3) Radical constructivism. Theoreticians of this school find that by including human
physiology we achieve better understanding of the social world and reality. The
construction of this world happens through people´s imagery (Rønn, 2006, p.67-68).
4) Postmodern constructionism. Central role within this school plays Kenneth Gergen
who emphasizes the linguistic nature of our social interactions (ibid, p.70). In his book
“An Introduction to Social Construction” he puts forward his arguments for developing
this school within SC. According Gergen the basic idea of social constructionism is
simple and could be expressed with the phrase “Together we construct our worlds”
(Gergen, 2009, p.2-3). It really sounds simple and easy to approach the world critically.
But Gergen warns us that by taking this perspective we have to revisit our views on the
world and everything we have been taught about the world. Even reality is a result of
the talks we participate in because through our communication we construct this reality.
Thus, language plays a significant role in constructing this reality (ibid, p.3-4).

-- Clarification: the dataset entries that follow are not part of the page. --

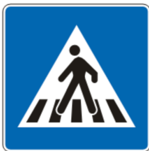
Znak: Pješački prelaz

Koristite pješačke prelaze: Uvijek prelazite ulicu na obilježenim mjestima.
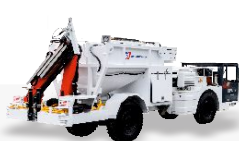
Подземные смесительно-зарядные машины
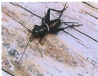
♂ エンマコオロギ幼虫

5) Late modern constructionism. It is related to the social science and studies people as
actors in the late society. One representative is Anthony Giddens. His structuration
theory studies the relation of individuals and their environment (Rønn, 2006, p.70-72).
6) System theoretical constructivism. A central role plays Niklas Luhmann and his
system theory. People are considered as a part of a system where people construct each
other (ibid, p.72)
From the point of this general review on the SC principles and schools I will
address the following paragraphs to how SC approaches memory or better remembering
as SC prefers to refer to this subject. And for this I will continue with Sir Frederic
Bartlett (1886-1969) and his work on remembering. Although Neisser considers
Bartlett´s work as fundamental for the “cognitive revolution” in psychology, his work
reflects rather SC ideas and principles of approaching the studied phenomenon (Shotter,
1990, p.121).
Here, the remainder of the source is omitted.